Francesco Pratali

Personal information
- Date of birth: 17 January 1979 (age 46)
- Place of birth: Pontedera, Italy
- Height: 1.84 m (6 ft 0 in)
- Position(s): Defender

Youth career
- Empoli

Senior career*
- Years: Team / Apps / (Gls)
- 1998–2001: Lodigiani / 70 / (3)
- 2001–2008: Empoli / 144 / (2)
- 2008–2012: Torino / 55 / (3)
- 2010: → Siena (loan) / 12 / (0)
- 2012–2014: Empoli / 21 / (2)
- 2015: Tuttoculo / 3 / (0)
- 2015: Jolly Montemurlo

= Francesco Pratali =

Italian footballer

Francesco Pratali (born 17 January 1979) is a retired Italian footballer who played as a defender.

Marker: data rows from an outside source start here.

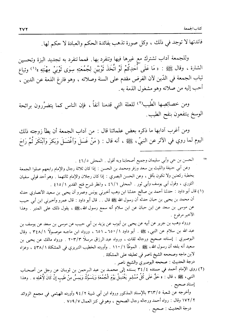 (¬2) روى الإِمام أحمد في مسنده 4/ 34 بسنده إلى محمد بن عبد الرحمن بن ثوبان عن رجل من أصحاب النبي، - صلى الله عليه وسلم -، قال: "حَقٌّ عَلَى كُل مُسْلِمٍ يَغْتَسِلُ يَوْمَ الْجُمُعَةِ وَيتَسَوَّكُ وَيمِسُّ مِنْ طَيبٍ إِنْ كَان لأهْلِهِ". وهذا إسناد صحيح.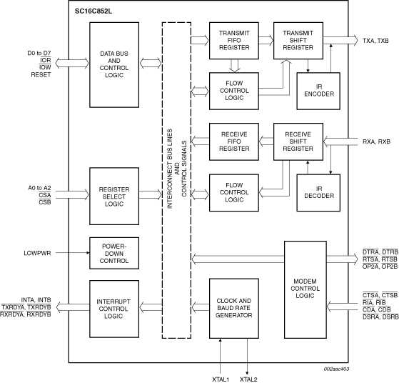 The SC16C852L is a 1.8 V, low power, dual channel Universal Asynchronous Receiver and Transmitter (UART) used for serial data communications. Its principal function is to convert parallel data into serial data and vice versa. The UART can handle serial data rates up to 5 Mbit/s. The SC16C852L is pin compatible with the SC16C652B. SC16C852L can be programmed to operate in extended mode (see Section 6.2) where additional advanced UART features are available. The SC16C852L UART provides enhanced UART functions with 128-byte FIFOs, modem control interface, DMA mode data transfer, and IrDA encoder/decoder. The DMA mode data transfer is controlled by the FIFO trigger levels and the TXRDYx and RXRDYx signals. On-board status registers provide the user with error indications and operational status. System interrupts and modem control features may be tailored by software to meet specific user requirements. An internal loopback capability allows on-board diagnostics. Independent programmable baud rate generators are provided to select transmit and receive baud rates.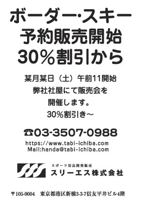 ボーダー、スキーを専門に扱っているスリーエス様の予約展示販売のイベントの開催のご案内チラシ印刷デザインです。このチラシでさらに30%割引です。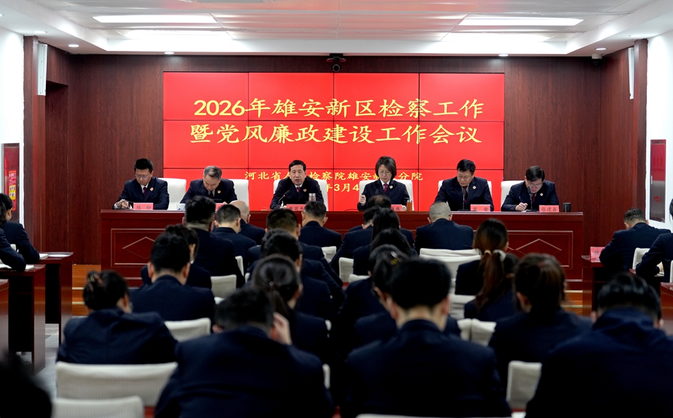 3月4日,2026年雄安新区检察工作暨党风廉政建设工作会议召开。会议深入贯彻落实全国、全省检察长会议和新区2026年工作会议、新区党工委政法工作会议,全省检察机关和新区党风廉政建设工作会议精神,聚焦加速实现雄安检察现代化,更好服务高标准高质量建设现代化城市,总结“十四五”时期工作,研究部署2026年任务。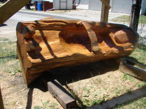 He said that some person trying to dispose of a giant tree trunk dropped it at the doorstep of a sculpture studio, and an artist took it from there. The project was completed in about two months. It is coated with a two-part epoxy resin that will make it weather proof.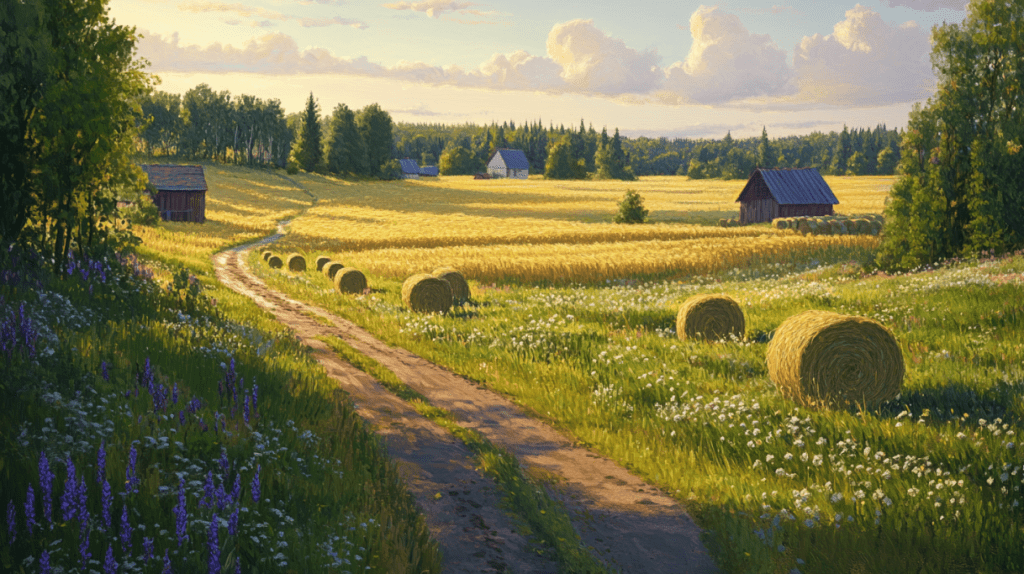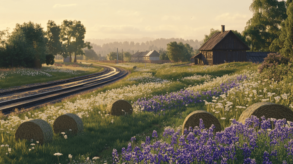 郊區逐漸展開,一望無際的田野上散落著圓形的乾草捆,小片的松樹與白樺樹林在陽光下閃著銀綠色的光。火車偶爾停靠在鄉間小站,站台只是長椅與一個木造遮棚,有些還漆著藍色或紅色。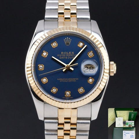 Rolex Datejust 116200, et rustfrit stål ur til unisex med kasse på 36 mm, sort urskive, automatisk bevægelse, produceret i 2006, med original æske og papirer men uden original garanti. Klik på den blå "gå til varen" knap, for at købe eller byde på denne vare. Den samlede pris vil blive vist inden du afgiver dit bud.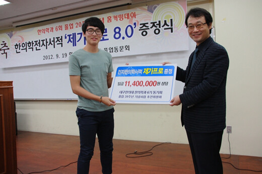 한의과대학 6기 졸업생(동기회장 김재우)들이 졸업 20주년 기념사업(추진위원장 전기영)의 일환으로 한의예과 1학년 114명에게 일일이 한의학 전자서적을 선물하는 뜻깊은 자리가 마련됐기 때문이다.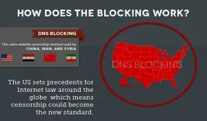 Alterar los servidores DNS de los proveedores de internet para que ciertos sitios web no sean accesibles, es decir, no cierran el sitio por no encontrarse bajo su territorio pero lo hacen inaccesible.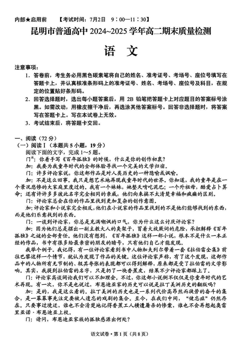 昆明市2024-2025学年高二下学期期末语文试题及答案 时间:2025-07-08 云南 高中语文 云南省昆明市2024-2025学年高二下学期期末质量监测语文考试已于近日开考,为方便考生考后及时查看考试情况,查漏补缺、弥补不足,本文整理了试题答案解析相关信息! 语文试题及答案解析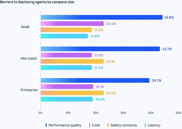 此外,78%的受訪者有在近期內將采用將Agent投入生產的計劃。很明顯,大家對AIAgent有很強烈的興趣,但實際要做好一個production-ready的Agent對許多人來說仍然是一個難題。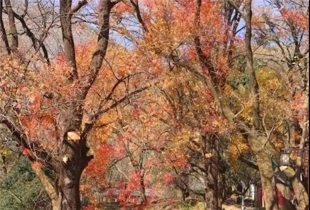 進入寒冬,鶴慶西龍?zhí)兜暮蠚g、黃連木等上百株古樹迎來了最美的時刻,色彩斑斕的樹葉像是畫家筆下的調(diào)色板,風吹過,彩葉緩緩落地,鋪下一地燦爛,成了冬日里一抹獨特的風景。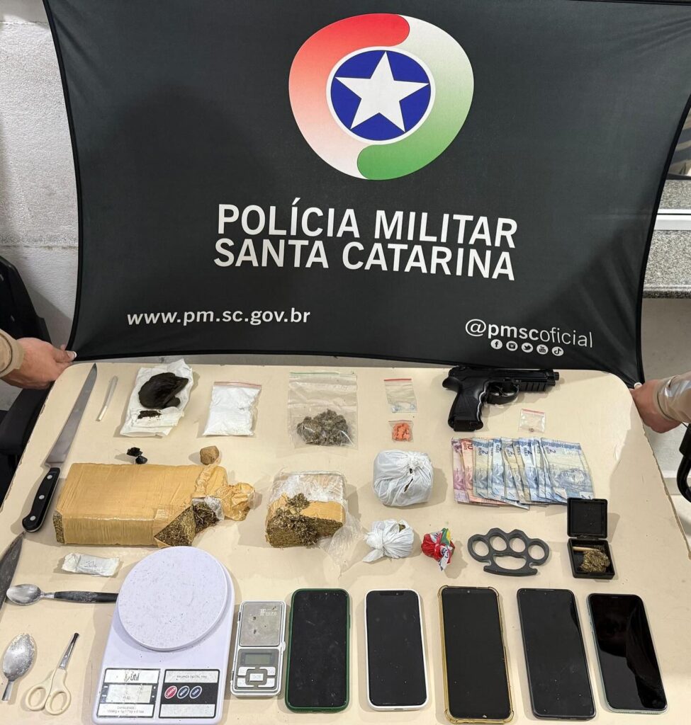 Na noite de quarta-feira (14), por volta das 22h, uma guarnição do Tático realizava patrulhamento no bairro Vila Nova, em Porto Belo, quando visualizou dois indivíduos em atitude suspeita próximos à Praça do Palco das Artes — local de grande circulação de famílias e crianças.

During the 2009–10 season, ultras of Torino F.C. attacked the club's players during David Di Michele's birthday party. After the incident the players involved: Di Michele, Massimo Loviso, Riccardo Colombo, Aimo Diana, Marco Pisano, Pratali, Paolo Zanetti were transferred to other clubs; only Rolando Bianchi, Matteo Rubin and Angelo Ogbonna remained.